By The End Of This Session You Should Be Able To:
----

- Write more compact and readable code with scikit-learn's Pipeline
- Use Pipeline to automate cross validation and grid searching

Typical ML Workflow
------

1. Load tidy data
1. Split into train and test sets
1. Do feature engineering
1. Choose hyperparameters
1. Fit model
1. Evaluate model
1. Decide if business outcome was accomplished

Being a curious DS, you'll ask more and more questions …
----

What if I change this hyperparamter?

What if I change the algorithm?

I have low bias, but do I have low variance? I should try different variations of the data!

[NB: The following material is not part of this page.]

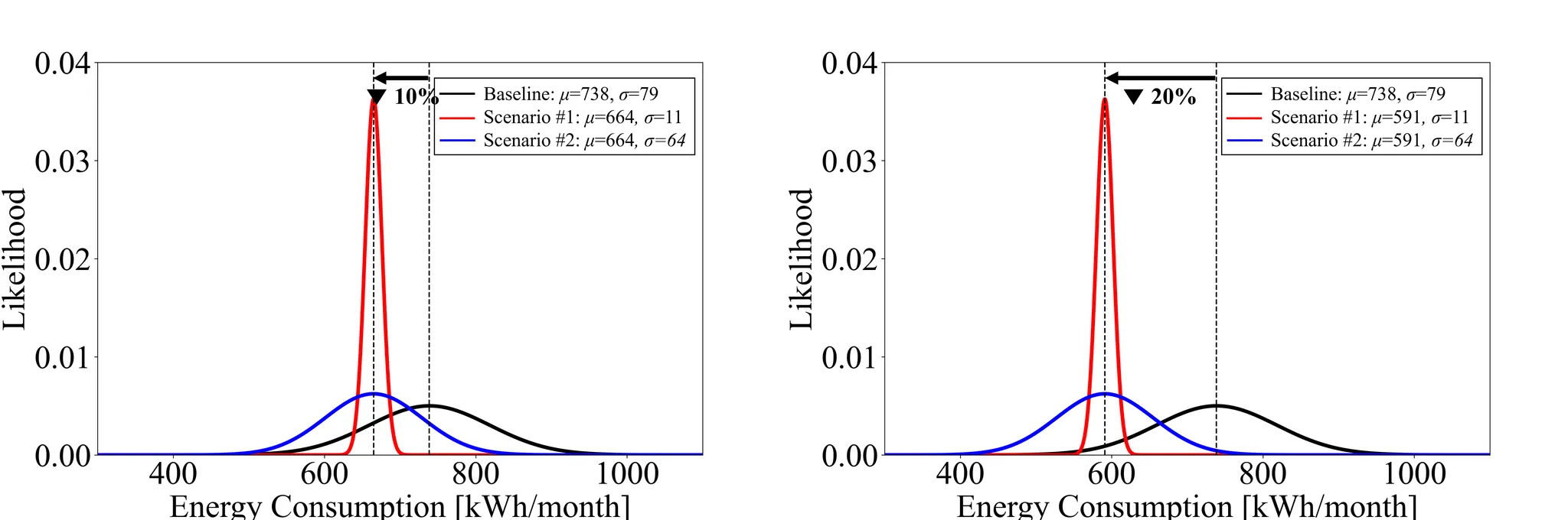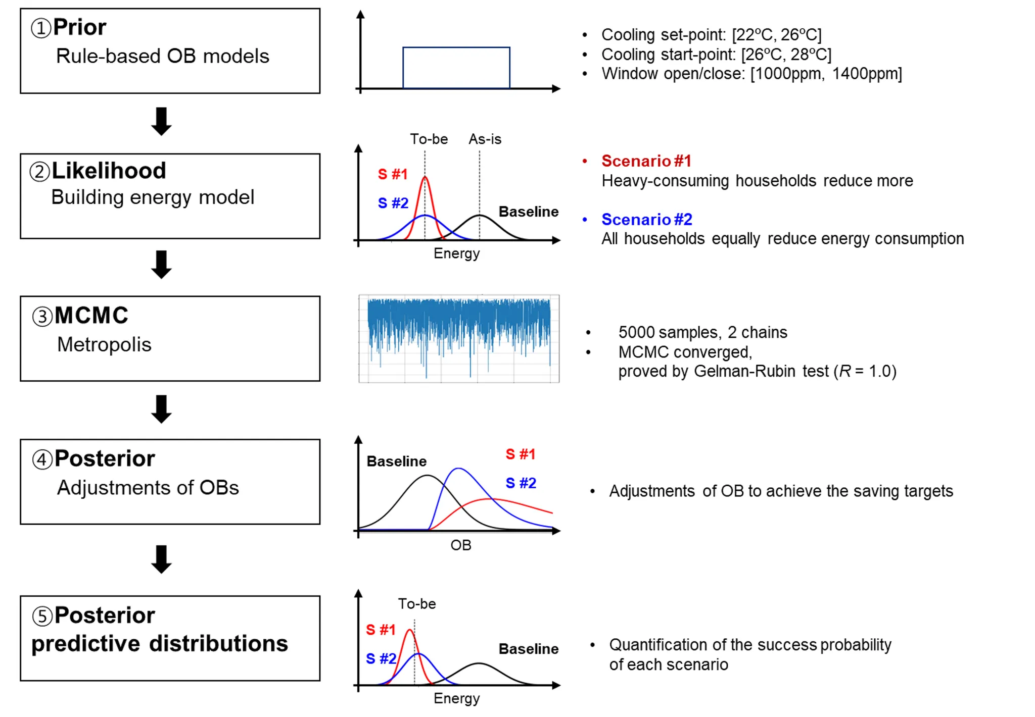 The result shows that the 20% savings target could be achieved by adjusting cooling set point temperatures for Scenario #1 and adjusting all three occupant behaviors for Scenario #2, as indicated by the posterior distributions.

<center><h2>Analytics is combinatorial, time is linear.</h2></center>

scikit-learn's Pipeline are answer!
------

- Pipelines makes it easy to reorder or add/remove steps
- Pipelines make it easy to adjust hyperparamters
- Pipelines makes code more readable

Source: https://stackoverflow.com/questions/33091376/python-what-is-exactly-sklearn-pipeline-pipeline

scikit-learn's Transformer class
------

For data preparation

`fit` – find parameters from training data (if needed)   
`transform` – apply to training or test data  

Let's take a look [Dataset transformations](https://scikit-learn.org/stable/data_transforms.html)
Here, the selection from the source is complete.